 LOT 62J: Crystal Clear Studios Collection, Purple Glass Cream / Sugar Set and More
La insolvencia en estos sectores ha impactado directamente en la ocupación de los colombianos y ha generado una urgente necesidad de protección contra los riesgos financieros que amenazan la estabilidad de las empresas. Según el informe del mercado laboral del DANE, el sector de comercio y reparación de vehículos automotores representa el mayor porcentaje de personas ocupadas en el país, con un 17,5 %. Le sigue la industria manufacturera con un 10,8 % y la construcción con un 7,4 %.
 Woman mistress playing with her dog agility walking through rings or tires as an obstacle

...

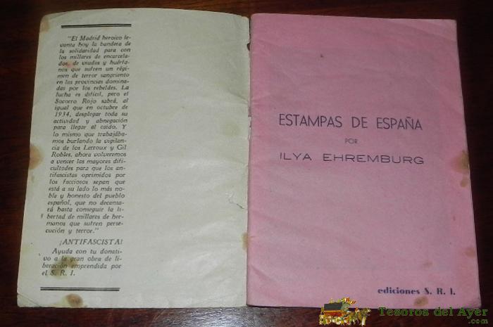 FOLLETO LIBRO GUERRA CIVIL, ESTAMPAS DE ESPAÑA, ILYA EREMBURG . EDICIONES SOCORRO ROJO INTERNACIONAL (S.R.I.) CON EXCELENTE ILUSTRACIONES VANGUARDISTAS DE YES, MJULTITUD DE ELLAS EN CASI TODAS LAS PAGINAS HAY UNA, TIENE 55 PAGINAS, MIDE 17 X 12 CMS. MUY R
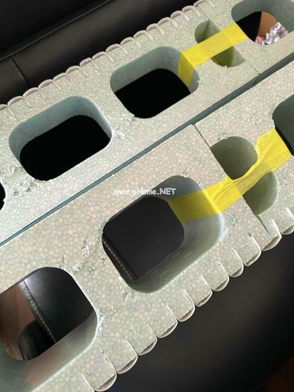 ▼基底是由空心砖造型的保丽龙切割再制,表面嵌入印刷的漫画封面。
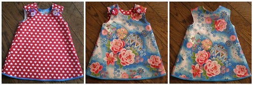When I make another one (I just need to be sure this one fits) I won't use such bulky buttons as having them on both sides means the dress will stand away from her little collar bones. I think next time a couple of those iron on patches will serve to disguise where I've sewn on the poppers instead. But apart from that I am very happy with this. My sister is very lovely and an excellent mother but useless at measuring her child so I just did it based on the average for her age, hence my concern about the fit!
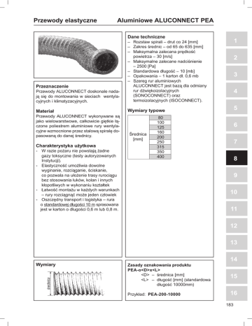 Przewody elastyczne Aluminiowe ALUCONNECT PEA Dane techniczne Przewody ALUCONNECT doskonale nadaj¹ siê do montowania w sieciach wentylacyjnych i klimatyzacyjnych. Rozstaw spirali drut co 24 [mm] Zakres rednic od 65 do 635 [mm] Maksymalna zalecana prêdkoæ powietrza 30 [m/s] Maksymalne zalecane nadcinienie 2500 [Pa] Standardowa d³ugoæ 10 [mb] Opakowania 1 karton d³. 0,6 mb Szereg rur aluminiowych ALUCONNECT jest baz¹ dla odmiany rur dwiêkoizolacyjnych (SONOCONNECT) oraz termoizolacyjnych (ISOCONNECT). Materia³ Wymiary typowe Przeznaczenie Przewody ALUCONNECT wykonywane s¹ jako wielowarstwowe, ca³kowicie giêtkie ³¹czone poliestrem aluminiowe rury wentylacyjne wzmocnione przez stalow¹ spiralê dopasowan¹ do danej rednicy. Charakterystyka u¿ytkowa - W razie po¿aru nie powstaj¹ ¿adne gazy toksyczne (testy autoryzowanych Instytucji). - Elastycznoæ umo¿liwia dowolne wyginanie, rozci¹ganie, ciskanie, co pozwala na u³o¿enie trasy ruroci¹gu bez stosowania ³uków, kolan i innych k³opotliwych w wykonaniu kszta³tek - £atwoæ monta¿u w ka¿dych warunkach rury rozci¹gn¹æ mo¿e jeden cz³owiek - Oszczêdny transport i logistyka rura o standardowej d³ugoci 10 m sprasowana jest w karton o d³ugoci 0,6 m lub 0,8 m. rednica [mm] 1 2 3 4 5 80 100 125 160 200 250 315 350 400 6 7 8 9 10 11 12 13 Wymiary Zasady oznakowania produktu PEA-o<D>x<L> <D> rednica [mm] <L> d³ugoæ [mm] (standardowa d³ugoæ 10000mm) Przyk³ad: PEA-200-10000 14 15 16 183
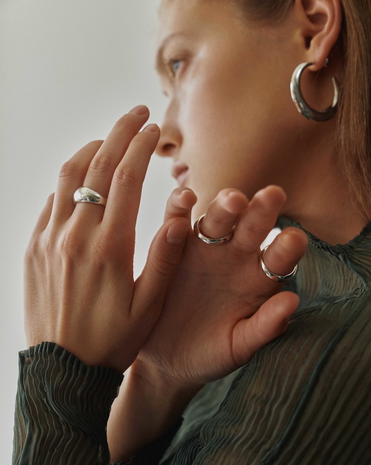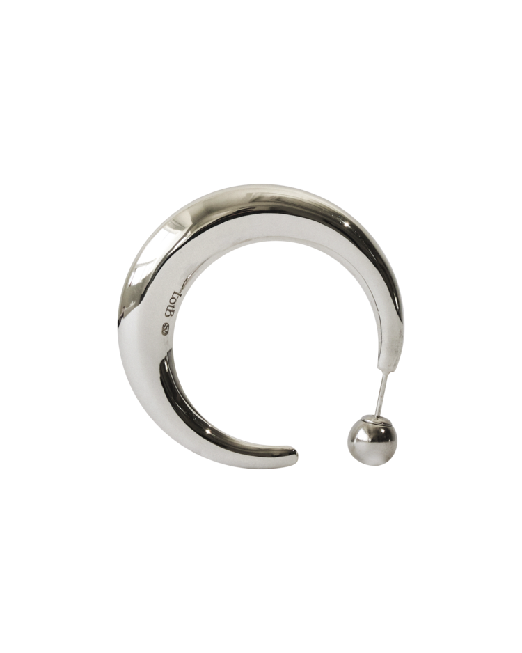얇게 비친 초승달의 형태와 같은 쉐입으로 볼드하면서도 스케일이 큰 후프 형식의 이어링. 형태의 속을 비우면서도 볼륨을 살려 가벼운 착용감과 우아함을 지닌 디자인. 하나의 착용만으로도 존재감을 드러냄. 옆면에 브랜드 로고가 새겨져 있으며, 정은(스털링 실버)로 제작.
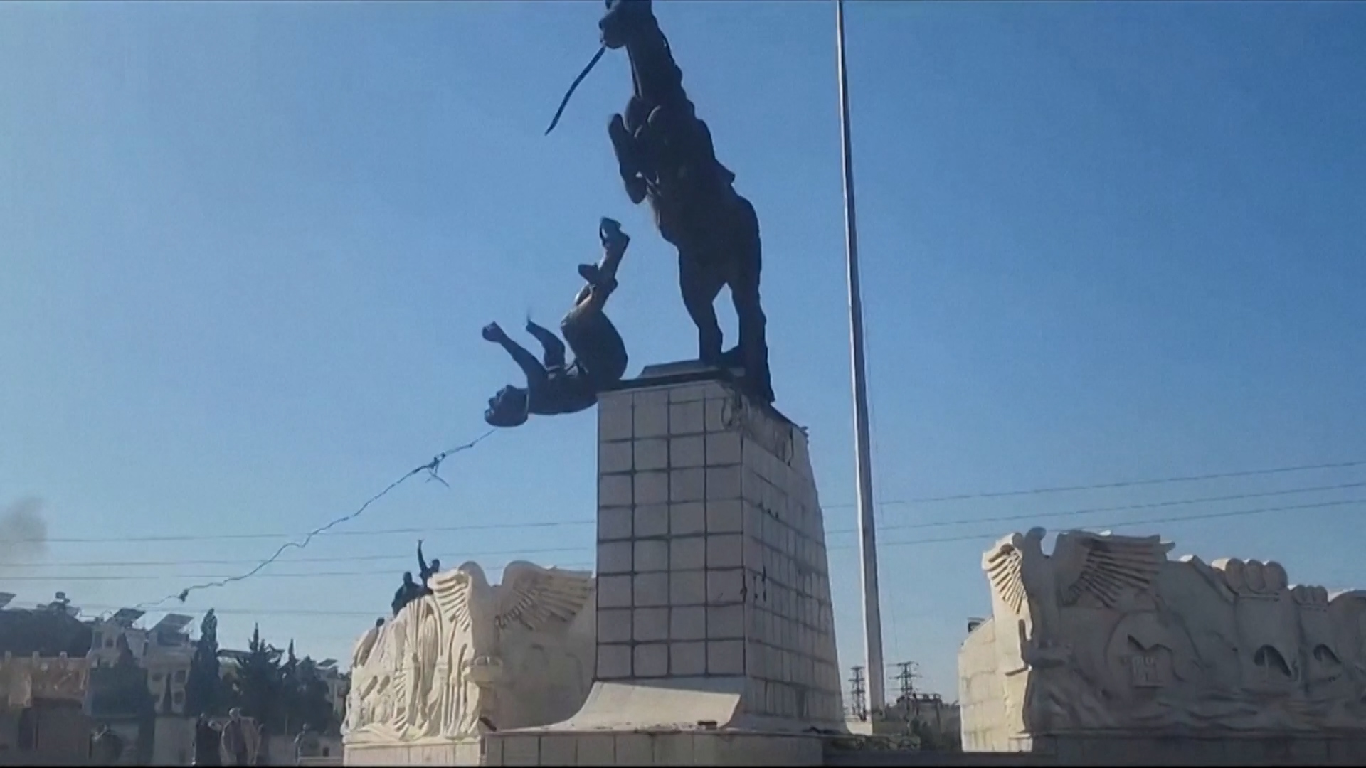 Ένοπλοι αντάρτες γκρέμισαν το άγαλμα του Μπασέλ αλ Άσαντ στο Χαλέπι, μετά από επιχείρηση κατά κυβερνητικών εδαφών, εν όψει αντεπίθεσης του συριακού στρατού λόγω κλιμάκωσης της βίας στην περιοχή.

...

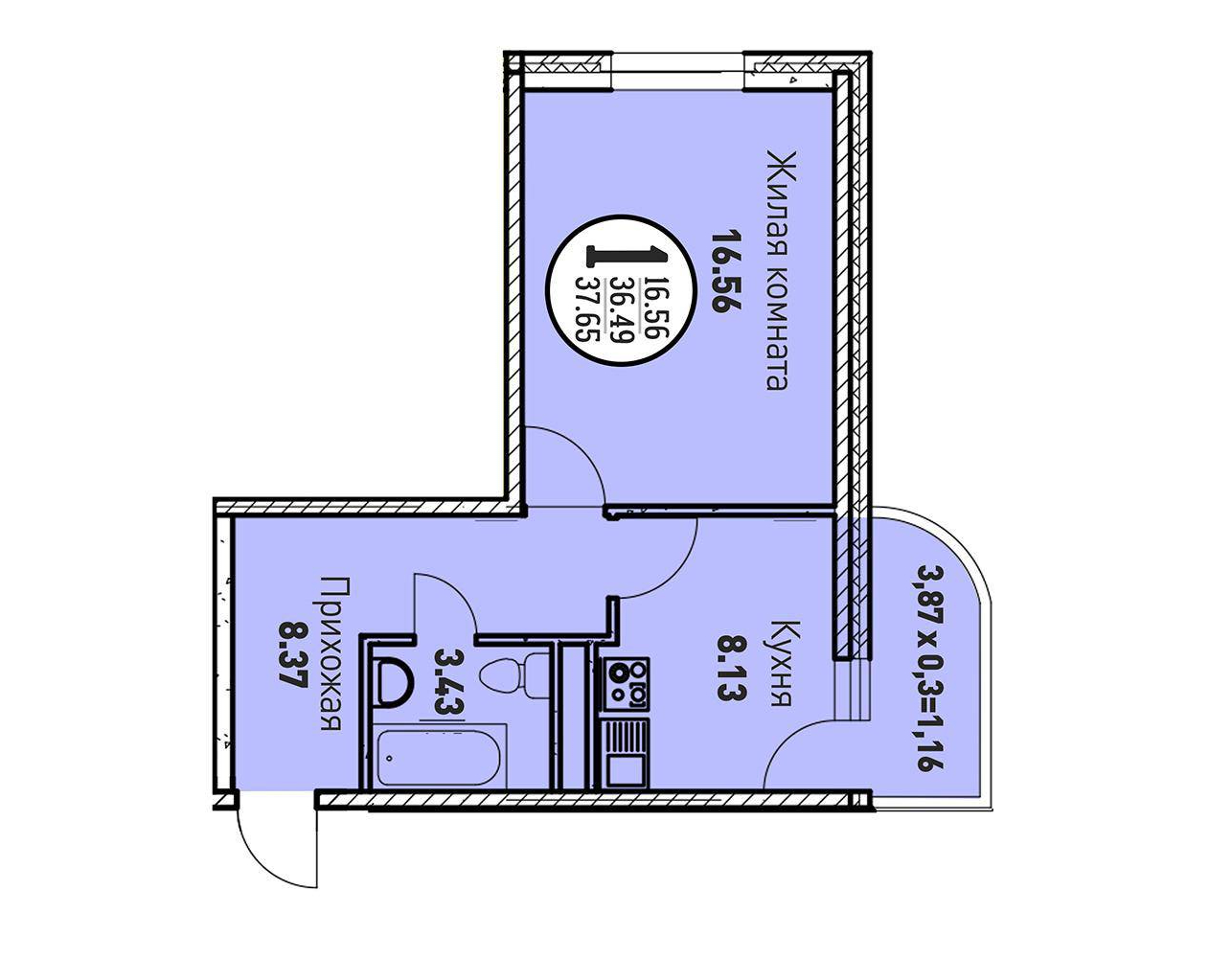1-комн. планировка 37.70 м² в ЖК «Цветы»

> WHAT TO DO: Go to the line with "LOT 62J: Crystal" in the entries above and repeat every line from there through the line with "Woman mistress playing", exactly and with no other text.

> RESULT OF THE TASK:
 LOT 62J: Crystal Clear Studios Collection, Purple Glass Cream / Sugar Set and More
La insolvencia en estos sectores ha impactado directamente en la ocupación de los colombianos y ha generado una urgente necesidad de protección contra los riesgos financieros que amenazan la estabilidad de las empresas. Según el informe del mercado laboral del DANE, el sector de comercio y reparación de vehículos automotores representa el mayor porcentaje de personas ocupadas en el país, con un 17,5 %. Le sigue la industria manufacturera con un 10,8 % y la construcción con un 7,4 %.
 Woman mistress playing with her dog agility walking through rings or tires as an obstacle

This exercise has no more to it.